By Jen Schumann | Rocky Mountain Voice
Wolves are roaming, ranchers are riding – but the rulebook hasn’t changed. Wolves are traveling farther, forming dens and producing pups. Many have turned up dead — especially in Wyoming, where wolves that prey on livestock can be killed on sight under state law.
Yet not one federal or state land-use plan in Colorado has been updated since gray wolf reintroduction began in December 2023.
That’s the backdrop for Colorado Parks and Wildlife’s May 13 press release announcing that its Range Rider Program is fully operational and patrolling western Colorado.
Eleven contracted riders hired by CPW have joined two staff from the Colorado Department of Agriculture (CDA) to monitor livestock, haze predators and report signs of wolf-livestock conflict across nine counties.
“Having range riders out on the landscape further expands our already strong conflict minimization program,” said CPW Director Jeff Davis.
The riders, selected from local ranching communities, will patrol Jackson, Grand, Routt, Eagle, Garfield, Pitkin, Summit, Rio Blanco and Moffat counties from April through October. Each rider is required to provide their own truck, trailer, horse and gear.
The state estimates the program’s cost at roughly $500,000 this year, funded in part by its “Born to Be Wild” license plate program. Colorado is now one of just three U.S. states with a formal range rider initiative, joining Washington and Arizona.
But wolves aren’t staying in the rural zones originally envisioned by CPW’s 2023 Wolf Restoration and Management Plan.
In April, CPW confirmed that a male wolf released in late 2023 had traveled more than 1,000 miles across 14 counties, including as far south as Hinsdale and as far north as Jackson. The animal repeatedly crossed public and private land, underscoring the mobility of the species – and the limitations of existing jurisdictional planning.
“This is a powerful reminder of how far these animals can go,” said CPW spokesperson Travis Duncan.
It’s not just dispersal. This spring, CPW also confirmed sightings in Jefferson and Douglas Counties – within 20 miles of the Denver metro area.
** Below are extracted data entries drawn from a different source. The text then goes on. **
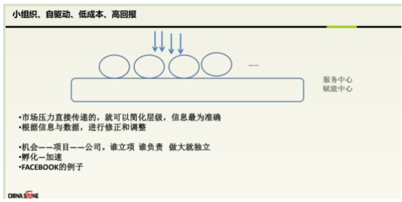 战略与组织的关系,实际上是战略决定组织,组织对战略具有反作用,组织决定一个企业的未来。小组织、自驱动、低成本、高回报,是组织发展的趋向。腾讯的做法就是,谁的项目谁负责,做大了就独立,平台就变成赋能中心、服务中心。
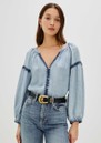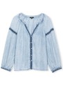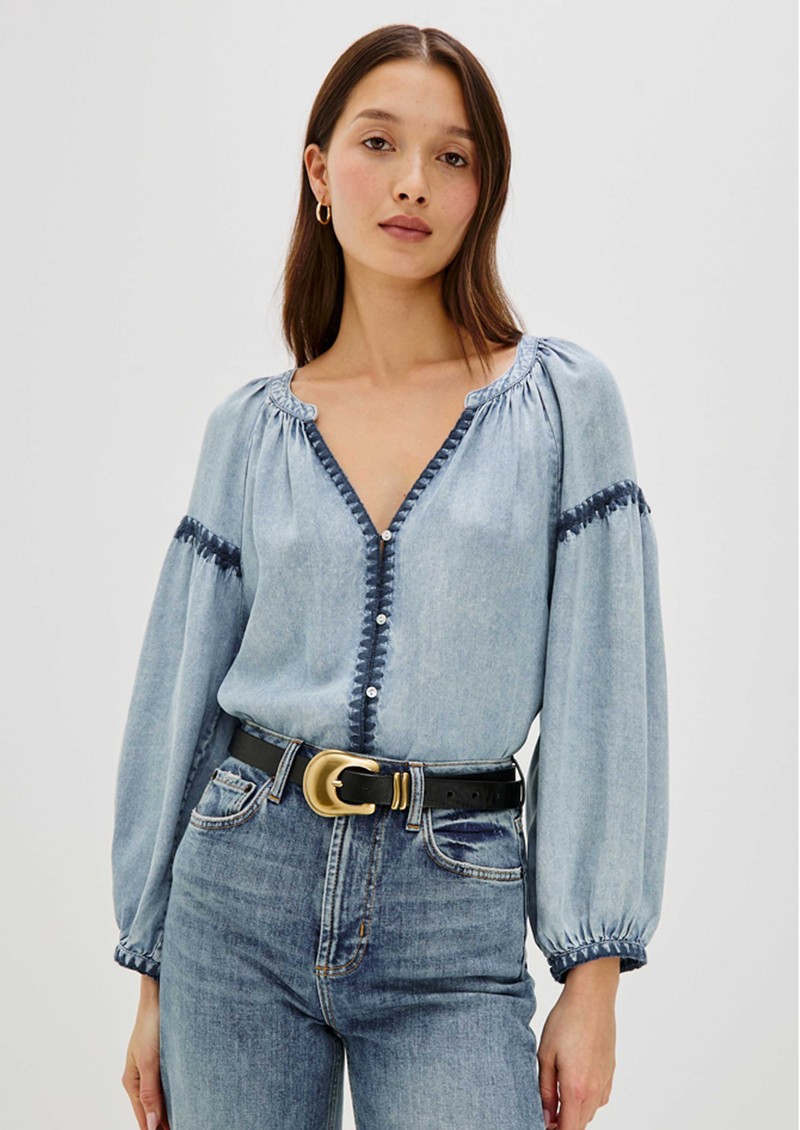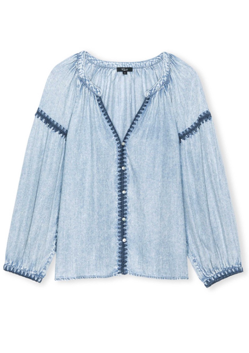 The Rails Toshi Blouse is a light and airy piece crafted from fluid lyocell in a soft light blue hue. Designed with a rounded neckline and central V-cutout, it features delicate pintuck details on the long sleeves, a button-down front, and contrasting dark blue edging for a refined finish.
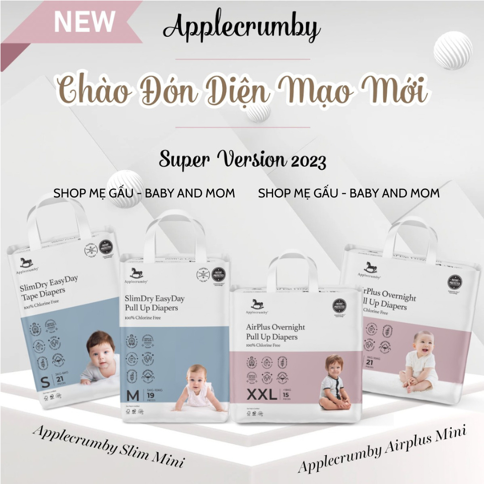 [CHÍNH HÃNG] Bỉm dán/quần ngày và đêm APPLECRUMBY Malaysia cao cấp cho bé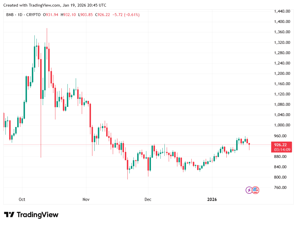 Binance Coin (BNB) enters mid-January with solid price support, trading around $935 after bouncing back from a short dip. The rise came after the BNB Foundation’s 34th quarterly burn of roughly 1.37 million tokens, an event most of the market expected. While price movement stays positive, attention has turned toward whether basic network activity can keep momentum going beyond supply-related events.

In response, CPW has described these instances as exploratory but natural.
But no federal Resource Management Plans (RMPs) for lands managed by the Bureau of Land Management, U.S. Forest Service, or National Park Service have been revised to reflect the spread of wolves into these populated corridors.
At the state level, CPW has adjusted some implementation zones – most notably removing Meeker and Rio Blanco County as planned release sites – but no state-level land use planning document has been formally amended either.
In simple terms, this means the state is changing where wolves go – but not updating the official policies that govern what happens after they get there. Those policies affect everything from hunting regulations and livestock protections to how landowners, outfitters and energy producers are allowed to use the land.
Without updated plans, agencies and businesses are left without clear rules – and in some cases, open to lawsuits or shutdowns if a wolf appears where the paperwork says it wasn’t supposed to.
Meanwhile, reproductive signs are growing. CPW has confirmed multiple suspected dens, including a known female in Jackson County believed to have birthed pups again this season.
Reports of wolf pups in at least two locations make 2025 the first year since the 1940s that Colorado has documented multiple breeding sites. The pups are offspring of Oregon wolves brought in by CPW – not natural migrants.
These developments have sparked legal and regulatory questions.
In May, federal officials launched an investigation into the death of a collared gray wolf inside Rocky Mountain National Park – a protected area that, like many other federal lands in Colorado, lacks a current, specific plan for managing the recently reintroduced gray wolf population.
Planning gaps aren’t going unnoticed. Rep. Lauren Boebert sent a letter calling for a halt to future wolf releases until Resource Management Plans are updated and federal NEPA review requirements are met. And the Alliance filed a federal lawsuit arguing that state and federal agencies unlawfully bypassed environmental review by treating the reintroduction as a foregone conclusion without assessing its broader impacts.
The issue isn’t merely regulatory. It’s about whether the rules are keeping up with reality.
The National Environmental Policy Act (NEPA) requires federal agencies to conduct environmental reviews when new conditions could significantly impact land management, endangered species or commercial activity.
The Federal Land Policy and Management Act (FLPMA) and the National Forest Management Act (NFMA) direct agencies to revise their land-use plans when conditions change – but leave it to agency discretion to determine when those changes warrant a formal update.
And with wolves now breeding, roaming metro-adjacent corridors and raising young – the argument for “new conditions” has rarely been clearer.
For now, CPW is betting on proactive tools like range riders and local engagement to reduce conflict.
But even as the wolves disperse, reproduce and reshape Colorado’s ecology – the state’s regulatory framework remains largely unchanged from when the first reintroduced pack stepped off a trailer in December 2023.